Lise Bissonnette a amorcé sa carrière au Devoir dans le domaine de l’éducation qui était en mutation. Rapidement, elle est devenue correspondante parlementaire à Québec et à Ottawa, donc au cœur de l’actualité et de la politique où elle a croisé tout le monde alors. Pourtant, elle gardait l’envie de combler « ce vide » qu’elle ressentait, ce manque de n’avoir pas reçu une formation solide au départ.
« Le seul vrai programme d’études secondaires était le cours classique, offert en institution privée. Les filles s’inscrivaient au modeste Couvent des Saints-Anges, un édifice mal entretenu en bardeaux bruns qui avait abrité le premier hôpital de Rouyn et qui était aussi la maison des Sœurs grises. Les élèves n’avaient accès qu’à la moitié du parcours, des éléments latins à la versification. Les garçons avaient accès aux huit années de formation menant au baccalauréat ès arts, et ils fréquentaient une institution nettement plus prisée, un collège construit à Rouyn-Sud, il deviendrait plus tard le cégep. » (p.33)
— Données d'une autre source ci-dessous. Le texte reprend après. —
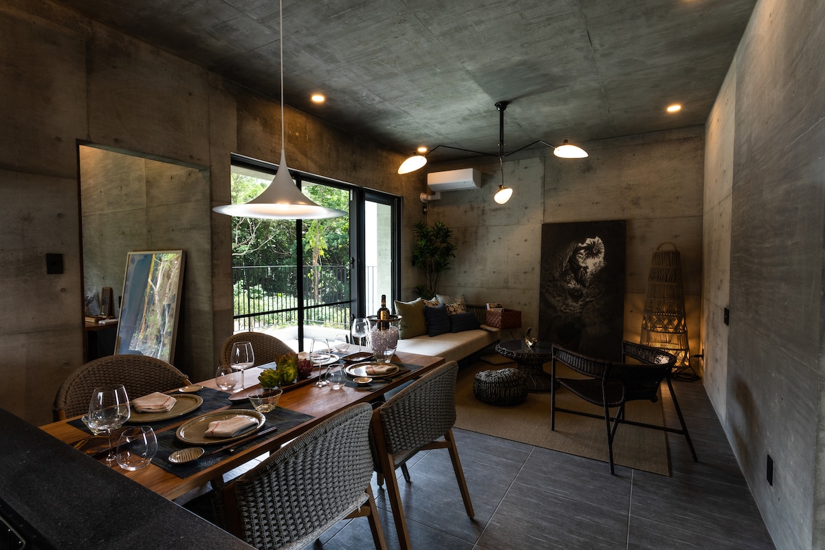 Ambiento Chinen se encuentra en una colina tranquila con vistas al mar de Chinen en la ciudad de Nanjo, a unos 40 minutos en coche del aeropuerto de Naha. Ante sus ojos se extiende el mar azul de Chinen, el más grande de Okinawa, que cambia de color a cada momento. Desde el bosque cercano se escuchan los sonidos de los pájaros y las cigarras, y en el amplio jardín florecen hibiscos y revolotean hermosas mariposas tropicales. Es un paraíso tropical. Desde la ventana se puede ver el mar de coral, el cielo, los barcos flotando en el horizonte, las estrellas y la luna. No me canso de mirarlo durante horas y me doy cuenta de que me siento relajado. Nuestro Airbnb está ubicado en un barrio tranquilo, rodeado de impresionante belleza natural y el mar. Se encuentra a 45 minutos en coche del aeropuerto. ¡Te deleitarás con el canto de los pájaros y la vista de las mariposas retozando en nuestro jardín dependiendo de la temporada!

Plonger dans le journalisme dans les années 1970, c’était vivre le changement et surtout les grandes réformes des établissements d’enseignement, la laïcisation de la santé et de l’éducation, l’abdication du clergé et la naissance du monde moderne. C’était tout à fait passionnant, même en région. Combien de fois mes textes ont soulevé l’ire des élus, particulièrement lors de la construction d’une salle de spectacles digne de ce nom à Chicoutimi ou un centre d’expositions à Jonquière ! Il y a une histoire à raconter au Québec sur les hésitations des élus et de la population quand il était question de se doter d’infrastructures culturelles d’envergure. Cette opposition, Lise Bissonnette a dû la contrer dans l’aventure de la Grande Bibliothèque du Québec où des obscurantistes de certains médias se sont manifestés avec une vigueur désolante.
HÉRITAGE
Lise Bissonnette a doté le Québec d’un bel héritage avec la Grande Bibliothèque du Québec qui deviendra Bibliothèque et archives nationales plus tard. Un combat difficile, mais important. Elle aura tenté de secouer l’indifférence des élus en ce qui concerne l’Université du Québec dans les régions, une présence nécessaire, un savoir qui a apporté un renouveau autour duquel tourne la pensée si souvent malmenée par les radios populistes. Une institution qui a changé Chicoutimi comme Rouyn sans compter les cégeps qui sont des terreaux formidables d’apprentissages partout sur le territoire.
Madame Bissonnette s’attarde aussi au journalisme et à ce qu’il est maintenant, à sa passion pour la rigueur et les faits, le reportage qui reste la plus belle manifestation de l’information. J’ai toujours partagé cette vision et rien ne me faisait plus plaisir que d’aller à la rencontre des gens pour les surprendre dans leur milieu, leur travail. Quel bonheur de les écouter dans ce qu’ils étaient et ce qu’ils vivaient !
Ces entretiens nous plongent dans tout un pan de notre histoire, l’espoir d’un pays avec l’indépendance à laquelle Lise Bissonnette croit, l’affirmation, la libération par la connaissance et la culture. Une trajectoire exemplaire, mais malheureusement, on ne l’invitera pas à Tout le monde en parle. Le sujet est trop sérieux et les humoristes sont plus populaires. Lise Bissonnette pendant toute sa vie aura combattu la facilité, les clichés pour progresser, faire évoluer, comprendre et partager son amour du savoir. Elle ira même jusqu’à compléter un doctorat après toutes ses expériences, juste pour le plaisir de découvrir, d’aller de l’autre côté de l’horizon. Un parcours unique et fascinant.
RYAN PASCALE, Lise Bissonnette, entretiens, Éditions du Boréal, Montréal, 210 pages.